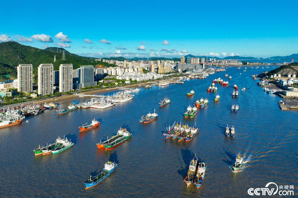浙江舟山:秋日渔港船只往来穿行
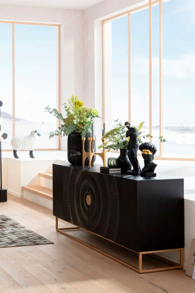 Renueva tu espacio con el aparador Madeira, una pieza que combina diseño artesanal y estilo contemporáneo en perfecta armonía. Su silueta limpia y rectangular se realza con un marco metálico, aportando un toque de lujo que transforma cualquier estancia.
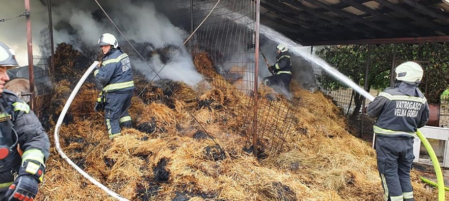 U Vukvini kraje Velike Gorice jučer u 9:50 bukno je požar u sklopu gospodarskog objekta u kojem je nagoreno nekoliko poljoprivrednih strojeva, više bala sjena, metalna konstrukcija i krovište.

■ ■ ■ ■

## Problem
All that is needed is the lines from the line holding "Renueva tu espacio" to the final line of the listing above, repeated exactly, pictures excluded.

## Exercise solution
 Renueva tu espacio con el aparador Madeira, una pieza que combina diseño artesanal y estilo contemporáneo en perfecta armonía. Su silueta limpia y rectangular se realza con un marco metálico, aportando un toque de lujo que transforma cualquier estancia.
 U Vukvini kraje Velike Gorice jučer u 9:50 bukno je požar u sklopu gospodarskog objekta u kojem je nagoreno nekoliko poljoprivrednih strojeva, više bala sjena, metalna konstrukcija i krovište.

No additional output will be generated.